Among those unimpressed by Bansal’s remarks was Simon McCoy, a GB News presenter, who asked “What is it about people in California?” noting that everyone around the world calls it curry, even in India.
On social media, some asked “What’s next?” questioning whether people could still say fish and chips as it encompasses a range of recipes. “FFS we better not use the term ‘roast dinner’ then as a generic term in case anyone is offended that it’s not chicken, beef, lamb etc.,” another jibed.
One person described their meal from the weekend, noting that it was a spiced chicken dish with short rice grains and unleavened bread. “If only there was an easier description for my meal,” he joked.
Others questioned whether anyone actually thinks of colonialism when they order a curry, and one person said surely it would be easier to just cancel “clowns like Chaheti Bansal” instead of the name for saucy Indian dishes.
“This woke madness is just getting plain ridiculous,” another said, while others wondered what was going through the vlogger’s head when she decided to tell people to cancel “curry.”

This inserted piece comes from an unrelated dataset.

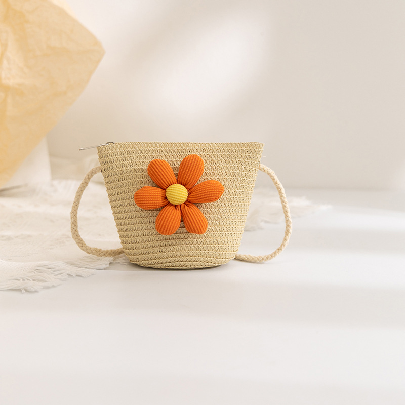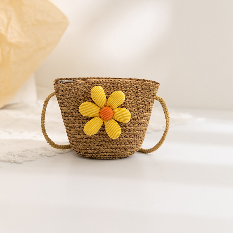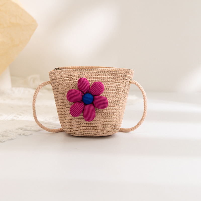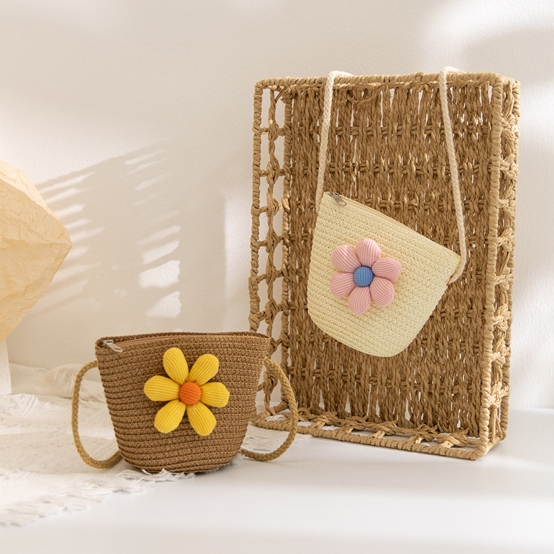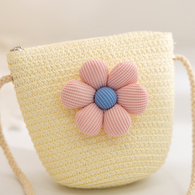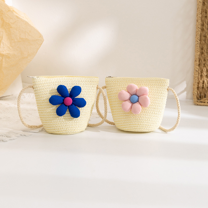 儿童包包韩版花朵草编斜挎包公主小清新出游收纳包女童宝宝零钱包

One person said that curry was the perfect word as the dish is 100% British. “There are ‘Indian’ styles of cooking which ONLY exist and were developed – by South Asians – in the UK,” he noted, referring to dishes such as the Tikka Masala, Vindaloo, Madras and Bhuna, all of which are believed to have been created in British curry houses.
Bansal also claimed that the word curry does not exist in any South Asian language. However, this was widely disputed on Twitter, with many attributing the origin to the Tamil word “kari,” while one said that “‘Turry’ in Punjabi means gravy & curry obviously evolved from this word. Nothing racist in evolving words!”
Several historians have also noted the word “kari” as being the origin of the word curry. It can be used to mean both “blackened” and “side dish.”